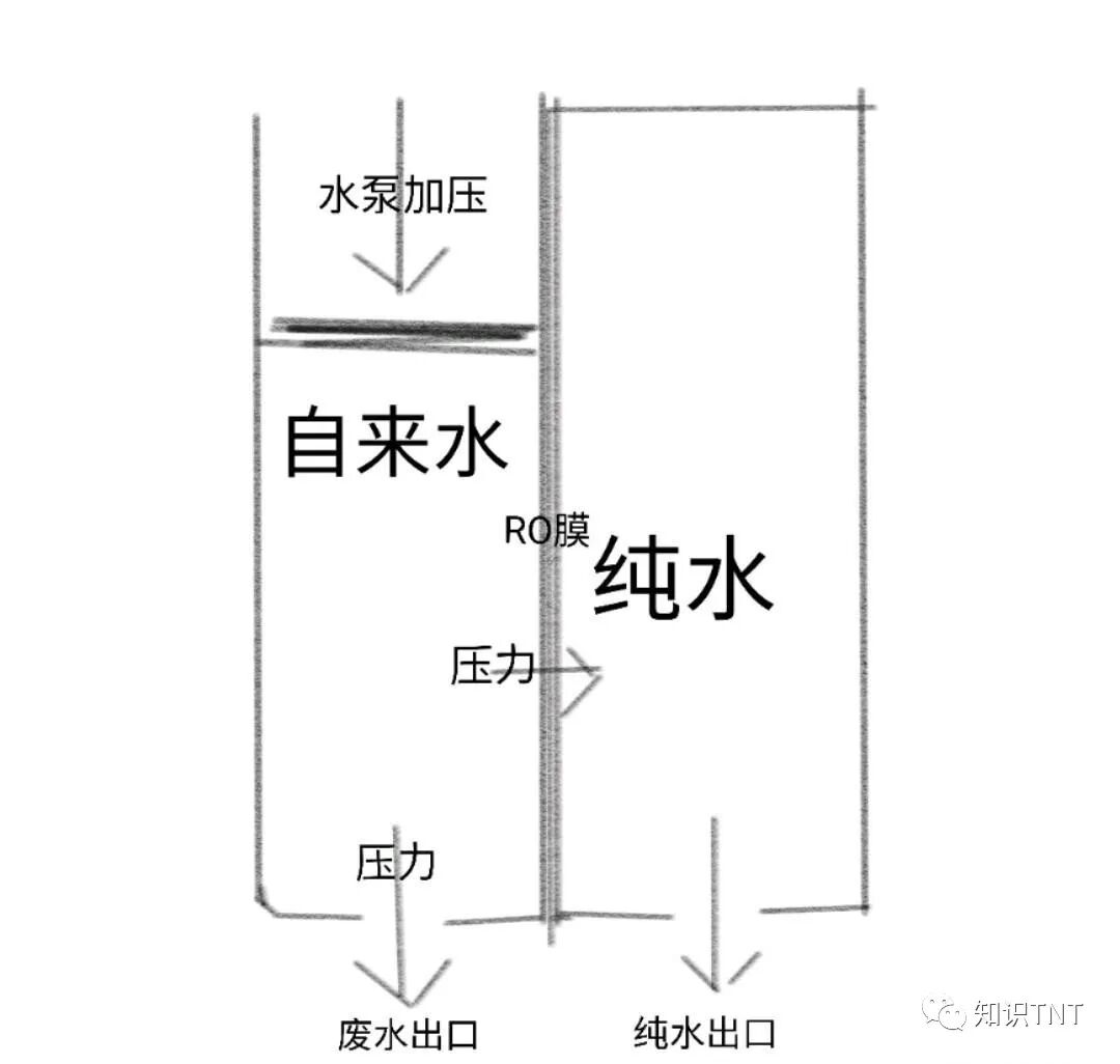 为什么会产生废水,这是反渗透压的作用。自来水来到滤芯处,净水想从另一边流出,需要对自来水进行加压,让水和其他矿物质从缝隙中挤出来。自来水这边压力大到挤不动了,这部分水就成为了废水,里面的盐浓度会比较高。另一部分废水来自于冲刷滤芯的自来水,为了防止滤芯过度堵塞,延长它的使用寿命。
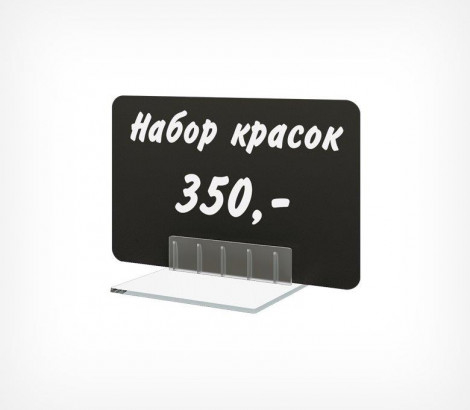 Держатель - подставка для ценника, таблички.  Позволяет размещать ценники и таблички для надписи маркером,  под углом 75° и 90°  к поверхности размещения. Фиксирует вставки толщиной до 0,8 мм.  Противоскользящие ножки.
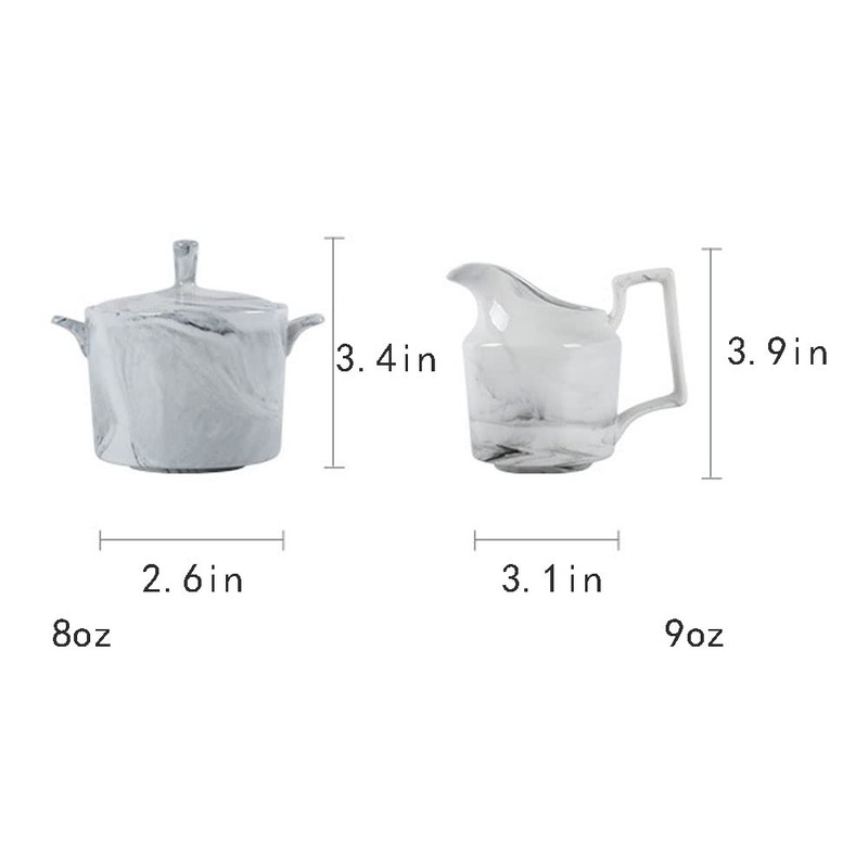 - Size: Milk Jug (3.1 x 3.9 inches / 9 oz), Sugar Bowl (2.6 x 3.4 inches / 8 oz).

━━━━

- _ASSIGNMENT_: Begin at the top of the material above and output each line exactly, stopping after the line that holds "Держатель - подставка". Leave out pictures.

- _ANSWER BOX_:
 为什么会产生废水,这是反渗透压的作用。自来水来到滤芯处,净水想从另一边流出,需要对自来水进行加压,让水和其他矿物质从缝隙中挤出来。自来水这边压力大到挤不动了,这部分水就成为了废水,里面的盐浓度会比较高。另一部分废水来自于冲刷滤芯的自来水,为了防止滤芯过度堵塞,延长它的使用寿命。
 Держатель - подставка для ценника, таблички.  Позволяет размещать ценники и таблички для надписи маркером,  под углом 75° и 90°  к поверхности размещения. Фиксирует вставки толщиной до 0,8 мм.  Противоскользящие ножки.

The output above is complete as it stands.